• Provided entries:
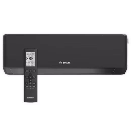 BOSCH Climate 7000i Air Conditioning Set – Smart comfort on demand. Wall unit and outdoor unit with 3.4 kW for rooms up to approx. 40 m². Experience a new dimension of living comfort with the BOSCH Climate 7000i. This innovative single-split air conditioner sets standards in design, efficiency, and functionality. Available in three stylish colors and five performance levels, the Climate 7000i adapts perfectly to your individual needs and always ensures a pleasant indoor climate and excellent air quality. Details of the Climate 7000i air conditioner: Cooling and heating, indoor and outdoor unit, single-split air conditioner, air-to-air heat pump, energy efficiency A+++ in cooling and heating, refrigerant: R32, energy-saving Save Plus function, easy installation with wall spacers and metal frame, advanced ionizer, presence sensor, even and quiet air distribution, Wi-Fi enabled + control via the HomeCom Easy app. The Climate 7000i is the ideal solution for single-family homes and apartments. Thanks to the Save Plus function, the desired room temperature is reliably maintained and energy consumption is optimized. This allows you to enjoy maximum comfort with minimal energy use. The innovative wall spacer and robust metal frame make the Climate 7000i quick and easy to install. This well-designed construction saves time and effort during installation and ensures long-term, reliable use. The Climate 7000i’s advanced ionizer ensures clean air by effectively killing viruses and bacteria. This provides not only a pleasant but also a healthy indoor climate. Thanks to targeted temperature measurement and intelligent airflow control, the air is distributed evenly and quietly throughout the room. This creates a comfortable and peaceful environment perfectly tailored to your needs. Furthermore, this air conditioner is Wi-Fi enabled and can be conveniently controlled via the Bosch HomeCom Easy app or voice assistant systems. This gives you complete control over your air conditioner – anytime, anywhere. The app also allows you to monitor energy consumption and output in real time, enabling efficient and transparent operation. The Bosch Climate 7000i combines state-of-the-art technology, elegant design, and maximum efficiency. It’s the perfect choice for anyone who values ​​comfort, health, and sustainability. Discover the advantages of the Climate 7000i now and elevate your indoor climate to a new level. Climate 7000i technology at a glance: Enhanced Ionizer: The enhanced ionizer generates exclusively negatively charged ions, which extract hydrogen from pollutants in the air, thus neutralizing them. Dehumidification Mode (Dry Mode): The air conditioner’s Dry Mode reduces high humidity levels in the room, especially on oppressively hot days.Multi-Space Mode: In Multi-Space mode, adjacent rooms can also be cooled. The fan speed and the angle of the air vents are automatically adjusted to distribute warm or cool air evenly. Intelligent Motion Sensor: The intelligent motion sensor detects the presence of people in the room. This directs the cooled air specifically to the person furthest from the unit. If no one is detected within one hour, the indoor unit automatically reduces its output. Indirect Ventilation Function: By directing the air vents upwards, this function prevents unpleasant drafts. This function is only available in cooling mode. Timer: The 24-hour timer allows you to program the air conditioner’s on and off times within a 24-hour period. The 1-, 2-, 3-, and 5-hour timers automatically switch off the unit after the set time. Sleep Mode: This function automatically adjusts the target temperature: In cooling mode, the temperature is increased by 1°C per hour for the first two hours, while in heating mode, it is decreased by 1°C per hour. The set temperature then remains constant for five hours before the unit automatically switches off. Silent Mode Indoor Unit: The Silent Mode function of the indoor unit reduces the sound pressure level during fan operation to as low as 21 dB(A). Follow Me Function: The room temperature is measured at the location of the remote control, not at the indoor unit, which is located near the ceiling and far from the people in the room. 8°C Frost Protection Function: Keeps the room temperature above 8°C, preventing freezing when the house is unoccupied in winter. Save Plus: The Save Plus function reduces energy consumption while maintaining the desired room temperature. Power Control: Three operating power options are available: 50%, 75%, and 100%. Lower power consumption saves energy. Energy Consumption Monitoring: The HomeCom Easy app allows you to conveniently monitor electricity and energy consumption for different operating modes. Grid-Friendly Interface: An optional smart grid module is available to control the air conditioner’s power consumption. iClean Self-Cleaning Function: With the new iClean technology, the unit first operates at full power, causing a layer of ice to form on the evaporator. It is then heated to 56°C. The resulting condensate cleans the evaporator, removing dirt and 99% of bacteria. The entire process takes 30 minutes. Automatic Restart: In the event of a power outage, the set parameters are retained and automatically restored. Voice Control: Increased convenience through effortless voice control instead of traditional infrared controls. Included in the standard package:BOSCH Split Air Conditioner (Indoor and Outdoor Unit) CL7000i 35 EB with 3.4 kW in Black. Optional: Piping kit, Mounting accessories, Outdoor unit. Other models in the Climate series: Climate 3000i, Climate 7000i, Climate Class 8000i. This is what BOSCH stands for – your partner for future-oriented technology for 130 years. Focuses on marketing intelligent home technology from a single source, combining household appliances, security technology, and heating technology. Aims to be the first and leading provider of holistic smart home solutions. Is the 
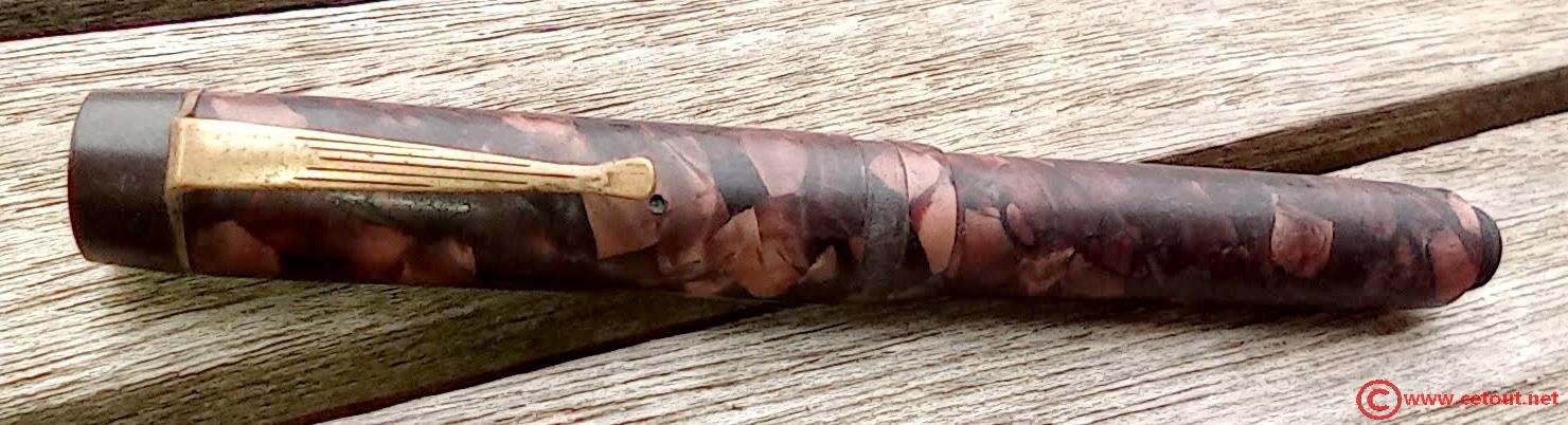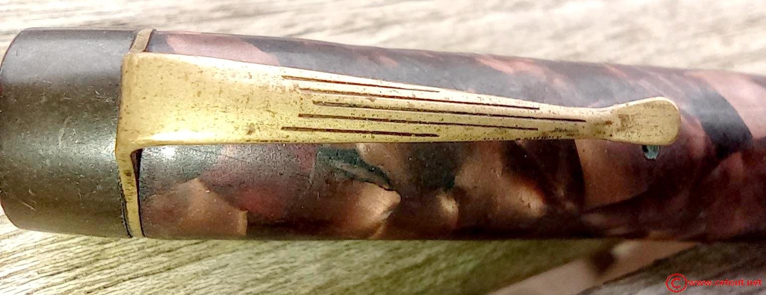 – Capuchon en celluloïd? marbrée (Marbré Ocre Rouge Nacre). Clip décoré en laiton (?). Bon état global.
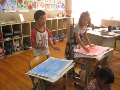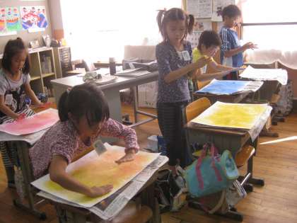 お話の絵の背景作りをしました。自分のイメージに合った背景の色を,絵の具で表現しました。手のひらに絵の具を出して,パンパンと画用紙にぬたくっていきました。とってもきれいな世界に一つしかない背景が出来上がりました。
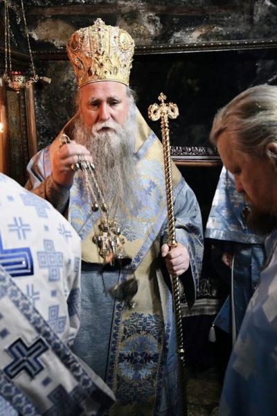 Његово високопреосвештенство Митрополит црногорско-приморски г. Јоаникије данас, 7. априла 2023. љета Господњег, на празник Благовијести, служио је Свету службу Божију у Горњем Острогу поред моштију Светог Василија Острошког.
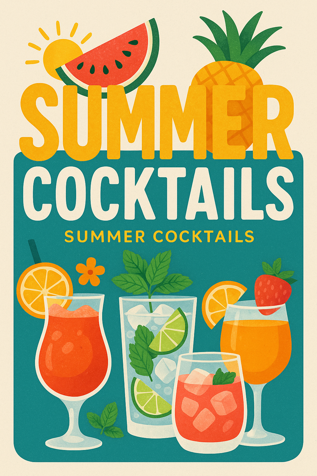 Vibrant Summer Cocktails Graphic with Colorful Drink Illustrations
--
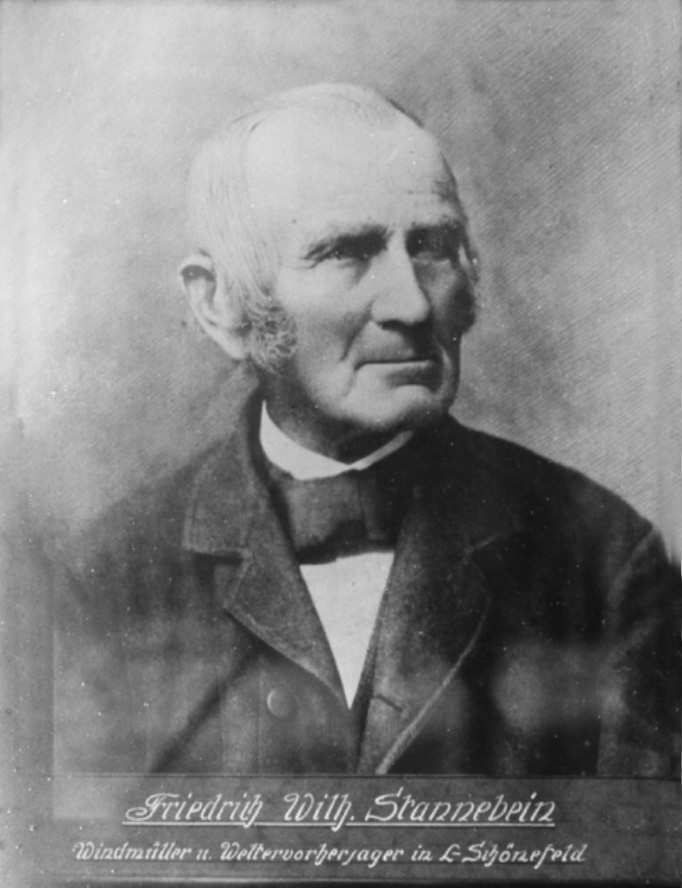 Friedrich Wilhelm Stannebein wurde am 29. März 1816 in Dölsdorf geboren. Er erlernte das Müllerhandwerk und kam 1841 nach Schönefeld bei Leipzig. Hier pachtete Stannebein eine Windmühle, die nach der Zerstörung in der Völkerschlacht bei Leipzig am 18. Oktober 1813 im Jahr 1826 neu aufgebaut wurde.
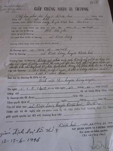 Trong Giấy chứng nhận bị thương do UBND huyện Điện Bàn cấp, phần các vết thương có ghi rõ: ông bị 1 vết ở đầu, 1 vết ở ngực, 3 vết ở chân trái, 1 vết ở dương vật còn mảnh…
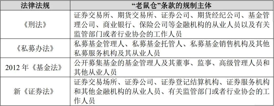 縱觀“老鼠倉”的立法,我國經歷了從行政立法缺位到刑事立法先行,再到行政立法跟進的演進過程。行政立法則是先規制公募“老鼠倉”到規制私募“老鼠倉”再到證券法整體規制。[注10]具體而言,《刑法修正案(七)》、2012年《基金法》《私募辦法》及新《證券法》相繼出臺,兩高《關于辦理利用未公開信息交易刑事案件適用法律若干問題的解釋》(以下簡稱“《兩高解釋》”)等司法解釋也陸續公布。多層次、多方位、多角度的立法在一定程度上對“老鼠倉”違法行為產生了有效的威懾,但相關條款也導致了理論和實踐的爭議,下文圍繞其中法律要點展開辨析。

• Work item:
Of the lines above, quote exactly those from the one with "お話の絵の背景作りをしました" through the one with "Vibrant Summer Cocktails", ends included; pictures stay out.

• Your response:
 お話の絵の背景作りをしました。自分のイメージに合った背景の色を,絵の具で表現しました。手のひらに絵の具を出して,パンパンと画用紙にぬたくっていきました。とってもきれいな世界に一つしかない背景が出来上がりました。
 Његово високопреосвештенство Митрополит црногорско-приморски г. Јоаникије данас, 7. априла 2023. љета Господњег, на празник Благовијести, служио је Свету службу Божију у Горњем Острогу поред моштију Светог Василија Острошког.
 Vibrant Summer Cocktails Graphic with Colorful Drink Illustrations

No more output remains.